It is unfair that anything young should die, unfair that little lights should be lost.
In a stroke of cruel irony, we experience such losses primarily in spring, when so many young things enter our good green world: a newly planted tree that did not set, a lamb rejected by its mother, a child born unwell if ever born at all. We endure these disappointments in the season we associate most with new life and young vitality, the season when hope should abound and the cold of winter shaken from our spines. A harsh juxtaposition to which we never truly become inured. We try though. We look back at all of our losses and sorrows and tell ourselves we are becoming more resilient and stoic, less soft and vulnerable. With every loss and every grim keening, we remind ourselves that we have dealt with harder things and that we are stronger for them. We know the truth though.

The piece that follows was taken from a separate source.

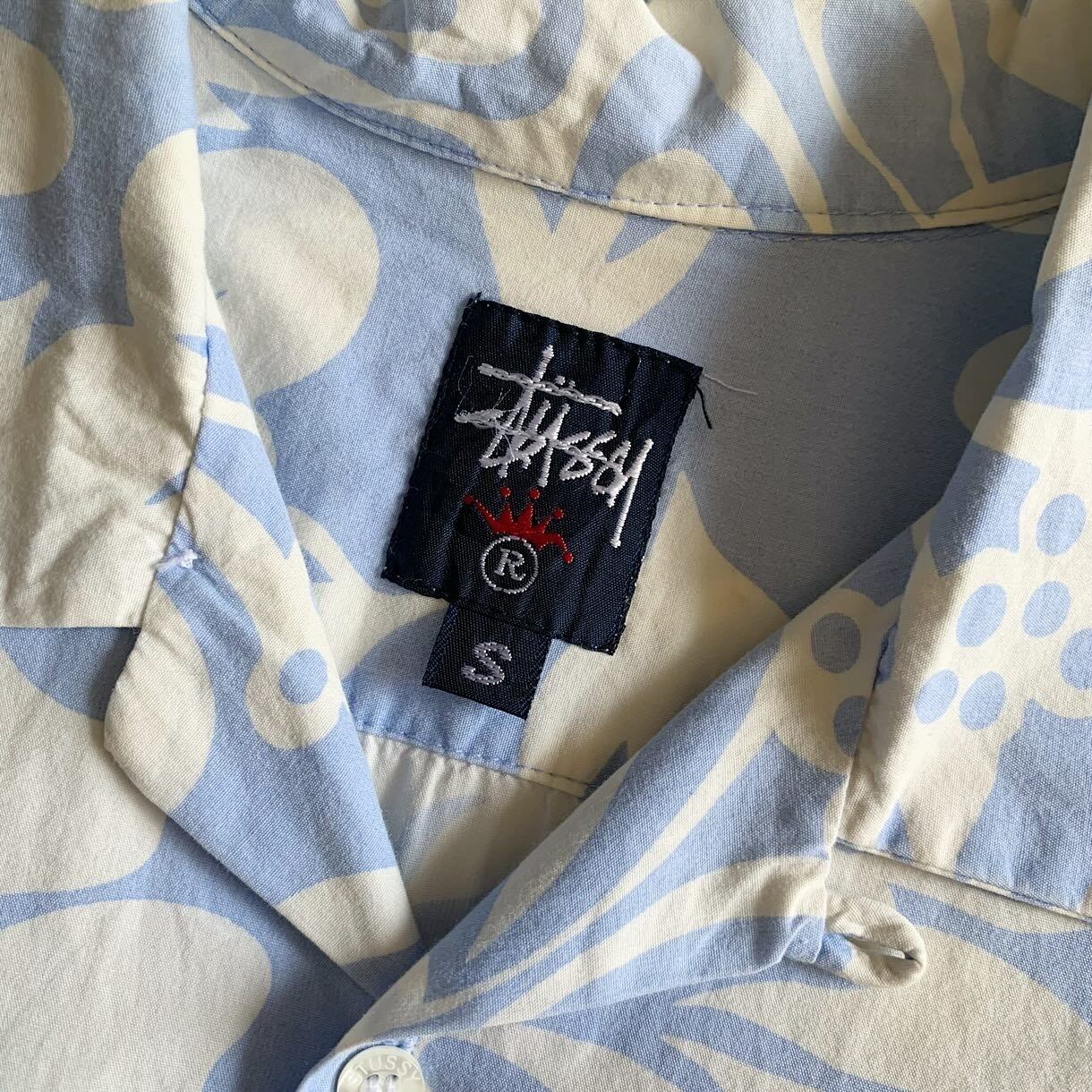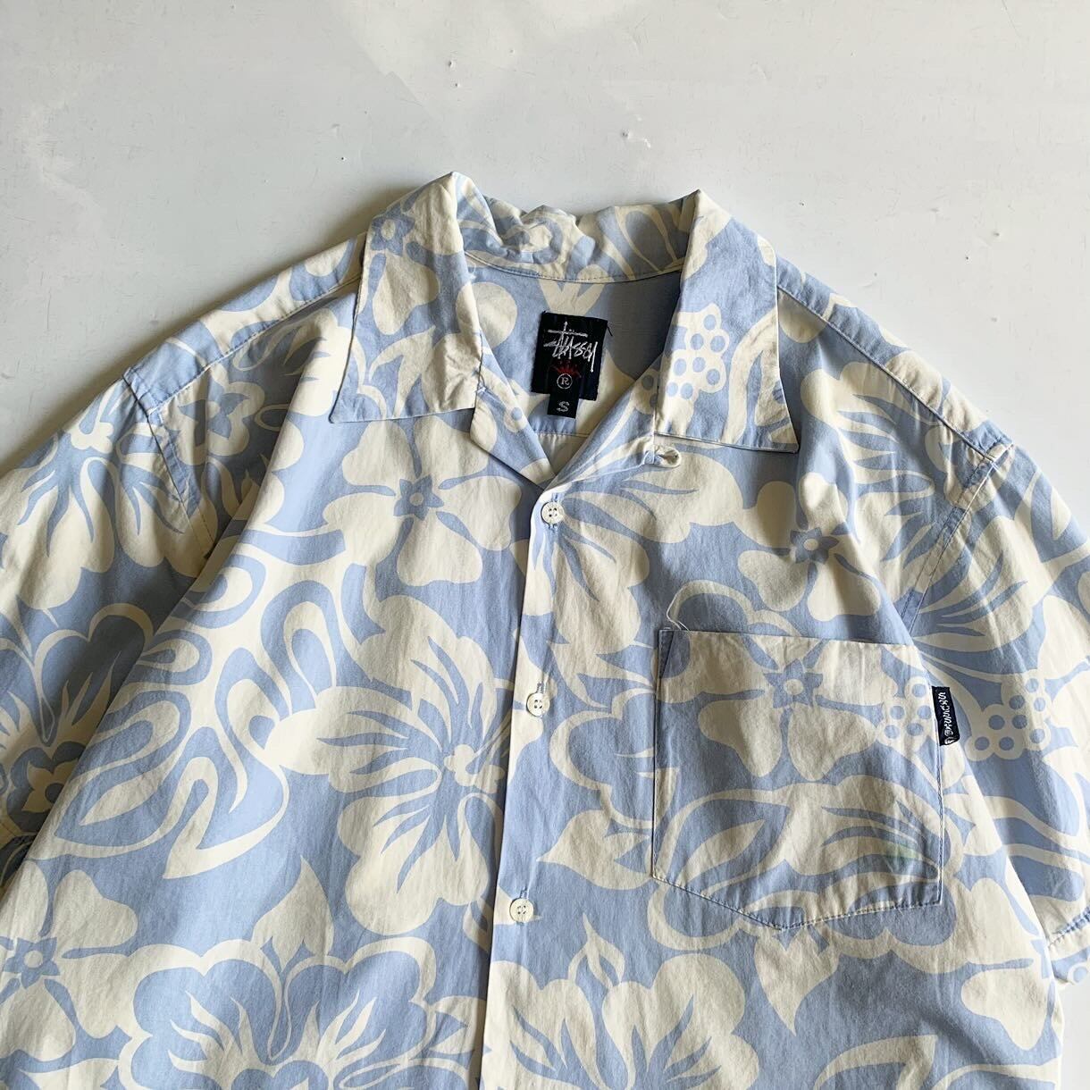 着ると意外といけるハワイアン STUSSYで背景的にも◎ •SIZE S 肩幅 48.5cm 袖丈 22.5cm 身幅 60cm 着丈 72cm •MATERIAL COTTON 100% •COLOR ライトブルー ホワイト •CONDITION 胸ポケットに汚れあり。 me782

The pain of loss, especially the loss of the young, does not become easier. The grief is uncontrollable. We know this deep down and may refocus on what we can control, on what we can mitigate and prevent going forward. This is likely true for all parents, but it is especially true for fathers -- we stubborn fathers who seek to shore up every wall and guard every threshold. Do not judge us too harshly when we reflexively attempt to solve a problem instead of lending an ear, when we scan the doors and windows of a building as we enter, when we seek to control the boundaries. It is but our nature and it is often all we can do.
This was all too evident for me this past week when we gave our daughter twelve baby chicks. We have wanted chickens for some time, and she was ecstatic when we told her. She gathered hay from the field on Easter weekend when the sun shone and dried it of its winter-wet. “We need to keep the chicks warm, Papa!” she shouted as she bounded through our field, hugging bundles of long warm straw. She was prepared for joy, and she would receive it. She lined the brooder cage with care and received her reward: twelve peeping chicks, nipping hungrily at her fingers on the ride home from the hardware store.
I have raised many types of animals growing up and am not a naive man. My wife and I had even planned to lose a few chicks by no fault of our own, maybe even on the car ride home. Sometimes baby animals just die. I grew up in the country; I am no stranger to watching little lights flicker and fail. Despite this, despite all my experience burying animals old and young, my graying beard, and sorrows I will not share, the pang of watching one of these twelve little chicks waste away on only the second day in our home was present. It is amazing how fast chicks grow, so it is clear when one does not. This one just did not grow like the others. It instead slept and slept and died.
A dead chick is a small, mundane thing to many. Nothing to get worked up over. Nothing to write about. I am a sensitive sort though and this one presented a problem for me. What would I tell my daughter? She is young enough still where she has not experienced death. She does not know of our mortal coil, of the snuffing out of little lights. As parents, as fathers, we guard our children. We also teach them, however, and are tasked with guiding them to understand the realities of the world and the next. “This will be a good learning opportunity” I thought as I watched the sickly chick falter. “If it dies, we can tell her and maybe she can help bury it.”
A lofty idea.
When the chick died, I did not tell my daughter. I did not make her bury it. I did not teach her a lesson. Instead I thought of her running through the field hugging her bundle of warm hay and my instinct to guard her innocence, her little light, won out. Let me hold onto it for just a little longer, world. Do not take it from me just yet. Not today. Not now. Let my little girl run through the fields and forests without knowing that we will return to the earth one day, that our hearts will become loam and our veins bough-dappled light. Let her gather sun warmed hay for just a while longer.
I brought the body of the little chick to the woodline and walked it into the forest, dark feathers against the white of the spring snow unmelted under the trees. It would not be there in the morning. It would, like us all, return.
As I left the forest, I noticed the crimson buds of the maple trees had begun to emerge. It is remarkable how bright they are, how much promise they hold, how they endure through the winter-dark.
A forest of little lights brightening.
A forest of little lights reminding us that nothing ever truly dies.
As much as we wish to guard their innocence as fathers, their carefree joy of living, we know that knowledge of our own mortality is an important part of the human experience. But one that can wait a little longer in your daughter's case.
With two daughters, I feel little pieces of this every day, in the smallest things. Tales of friends who decided to snub my beautiful sunshine girl for unknown reasons. My tender-hearted littlest not understanding why she can't always talk to a stranger.
Thank you for reminding me that we can hold back the dark sometimes. And thank you for the unintentional comfort of remembering I will one day be a part of the forest, my spirit gone home but my fingers in the soil.
You transcend the words, and we all become something else together.